Scraped data must be stored in an easily accessible place so you can use it for other workflows. Here's how to automatically send data to Google Sheets without code.
by Julianne Youngberg · April 2023

Contents

    Any automated workflow needs to have storage steps where data can be deposited and accessed by other programs. Web scraping—especially when scheduled as a recurring task—is the same. The information you gather needs to be stored in a safe, accessible, and organized way.

    A proper data storage step helps you build better workflows by increasing speed and accuracy. Even if you aren’t a coder, you can use a workflow automation program like Zapier to avoid having to manually pass information from one program to the next.

    In this tutorial, you’ll learn how to use Browserbear to scrape structured data, then Zapier to automatically send it to Sheets so it can easily be accessed.

    What is Browserbear?

    Browserbear is a cloud-based tool for automating web browsing tasks that you can use to save structured data, capture screenshots, and perform other browser actions.

    Screenshot of Browserbear home page

    Using Browserbear, you can easily automate tasks based on specific conditions with a workflow triggered using the REST API or no-code tools such as Zapier and Make. By integrating this task with other tools, you can save, manipulate, and optimize your data. This frees you from manual, repetitive work and allows you to focus on more important tasks.

    What is Google Sheets?

    Sheets is a cloud-based spreadsheet app included in the Google Workspace product suite. It allows users to create, edit, and collaborate on spreadsheets for free, making it an affordable alternative to many other database management systems.

    Google Sheets is an option worth considering if you’re in need of a lightweight, cloud-based environment to store scraped data. It may not have heavy-duty data manipulation capabilities or scale beyond a certain size, but it’s suitable for many simpler use cases. The Sheets API also allows you to seamlessly integrate and send data between programs for a hands-free workflow.

    What You Will Create

    Once a webpage is scraped with Browserbear, the data needs to be sent to Google Sheets so it can be easily accessed and used in other workflows. We’ll set up a task to scrape data, then create a zap that triggers whenever a task run is completed, automatically depositing the payload in Sheets.

    The tools you will be using are:

    • Browserbear : To create a browser automation that scrapes blog card information
    • Google Sheets : To store blog card information
    • Zapier : To trigger actions in different programs based on pre-specified commands

    By the end of the tutorial, you should be able to automatically send scraped data from Browserbear to a Sheets spreadsheet:

    Screenshot of Google Sheets spreadsheet with scraped data

    We’ll automate the process by setting up a Browserbear task, Google Sheets spreadsheet, and Zapier workflow.

    How to Send Scraped Structured Data to Google Sheets

    Sheets is a spreadsheet software that you can supercharge using formulas, add-ons, and the API. While knowledge base apps like Notion and Airtable might be more free-flowing and customizable to your use case, Sheets can be fantastic for summarizing and manipulating data.

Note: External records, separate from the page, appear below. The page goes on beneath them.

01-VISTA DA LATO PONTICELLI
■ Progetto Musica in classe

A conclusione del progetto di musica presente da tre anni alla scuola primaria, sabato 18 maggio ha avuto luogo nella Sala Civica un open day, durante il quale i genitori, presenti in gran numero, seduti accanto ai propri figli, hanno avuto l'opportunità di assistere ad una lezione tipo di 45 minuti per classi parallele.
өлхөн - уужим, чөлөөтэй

    One of the biggest advantages of using Sheets over other apps for scraped data is that it can be used for bulk import. Since Sheets organizes data using cells (as opposed to records or database items, in the cases of Airtable and Notion, respectively), you can add any number of items in a JSON array at any time using a single Zapier request.

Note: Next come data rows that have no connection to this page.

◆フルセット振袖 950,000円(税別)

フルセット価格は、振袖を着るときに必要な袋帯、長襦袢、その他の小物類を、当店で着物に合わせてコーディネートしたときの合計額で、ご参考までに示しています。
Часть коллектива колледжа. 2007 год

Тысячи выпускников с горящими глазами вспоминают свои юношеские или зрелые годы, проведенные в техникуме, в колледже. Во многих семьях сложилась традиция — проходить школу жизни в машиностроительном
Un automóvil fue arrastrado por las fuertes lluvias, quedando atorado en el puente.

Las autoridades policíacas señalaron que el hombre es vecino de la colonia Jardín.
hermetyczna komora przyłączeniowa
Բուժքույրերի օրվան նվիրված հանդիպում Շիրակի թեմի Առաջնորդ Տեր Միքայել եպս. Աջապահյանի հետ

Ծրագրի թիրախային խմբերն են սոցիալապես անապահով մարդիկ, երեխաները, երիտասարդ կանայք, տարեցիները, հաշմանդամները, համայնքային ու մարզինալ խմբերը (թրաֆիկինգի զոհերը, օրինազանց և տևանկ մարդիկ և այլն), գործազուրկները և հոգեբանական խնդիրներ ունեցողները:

    Here’s how to set up a workflow that sends scraped structured data to Google Sheets:

    Create a Browserbear Task

    Log into your Browserbear account (or create a free trial account for 5 mins of cloud runtime—no credit card required! 🐻🎉).

    From the Tasks tab, click Create a Task. Name it, then click Save.

    Screenshot of Browserbear new task setup

    The task page you’re now on is where you can add steps, run the automation, and view logs of completed runs.

    Click Add Step and set up the following actions:

    Step 1: Go

    The first step will direct Browserbear to the site you will be scraping from.

    Choose go as the Action and insert a destination URL. Choose network idle as the wait instructions. This option waits until no new network requests are made for 500 ms and is usually the safest. You can also use load or domcontentloaded if it’s more suited to your use case.

    Screenshot of Browserbear go action setup

    Click Save.

    Step 2: Save Structured Data

    The second step tells Browserbear which items on the destination page you want to collect data from. We’ll use an action to define a container and the elements you want to scrape within it.

    Bear Tip 🐻: You’ll only need to set up the scraping process for one container—it will then apply to all others on the page that contain the same elements.

    The Browserbear blog page has six blog cards. Let’s set up a scraping action for the first one.

    Choose save_structured_data as the Action.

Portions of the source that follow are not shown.